Parallelamente, l’inoculazione di prebiotici e probiotici si è rivelata efficace nella modulazione del microbiota intestinale, favorendo la crescita di una flora batterica benefica e potenziando la risposta immunitaria dell’animale. Un’ulteriore innovazione riguarda l’utilizzo di nanoparticelle di micro-minerali come selenio e zinco, che hanno dimostrato effetti positivi sul metabolismo e sulla resistenza allo stress ossidativo, contribuendo alla robustezza e alla longevità degli animali.

Il rapido progresso tecnologico e la crescente attenzione alla sostenibilità rendono queste innovazioni sempre più accessibili. Tuttavia, nonostante i numerosi vantaggi, l’implementazione su larga scala di queste tecnologie richiede un’attenta valutazione di diversi fattori, tra cui i dosaggi e i tempi di somministrazione, al fine di garantire la sicurezza e l’efficacia delle sostanze impiegate. Inoltre, è essenziale analizzare gli effetti a lungo termine sul benessere animale e sulla qualità del prodotto finale. Le principali sfide da affrontare riguardano il costo delle attrezzature e la necessità di una formazione specializzata per il personale, indispensabile per assicurare una corretta applicazione delle tecniche.

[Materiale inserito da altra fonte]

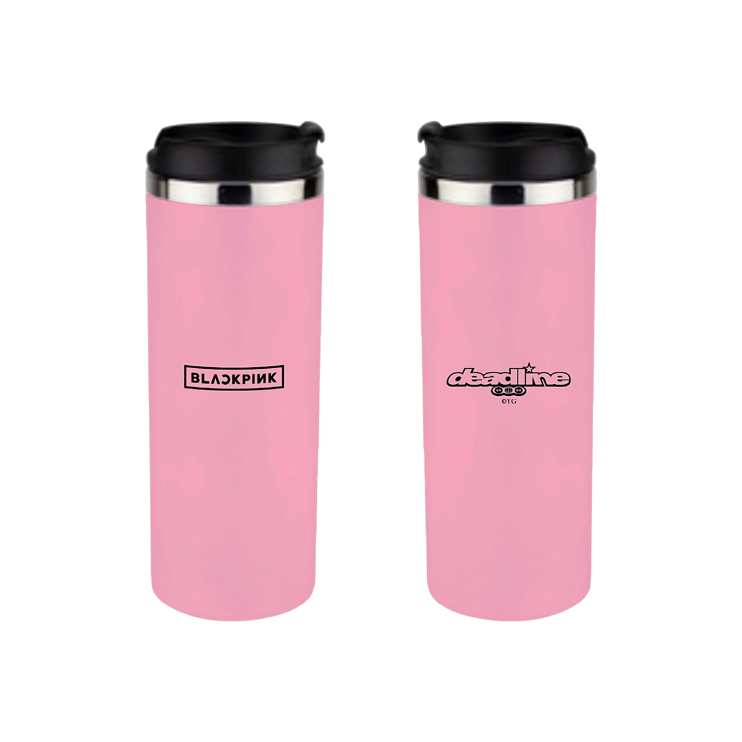 Pink tumbler featuring BLACKPINK printed on one side and a Deadline logo printed on the other side.

L’opportunità̀ di intervenire direttamente sull’embrione, fornendo nutrienti e stimolando precocemente le difese immunitarie, rappresenta un’innovazione senza precedenti per ottimizzare l’efficienza produttiva e ridurre l’impatto ambientale degli allevamenti intensivi.   

Con l’integrazione delle tecnologie in ovo e l’attenzione costante al benessere animale, l’avicoltura si proietta verso un futuro in cui innovazione, efficienza e sostenibilità̀ si fondono in un equilibrio armonico, in cui l’unione tra conoscenze avanzate di fisiologia embrionale e innovazioni in bioingegneria sta delineando nuove prospettive per il futuro dell’avicoltura.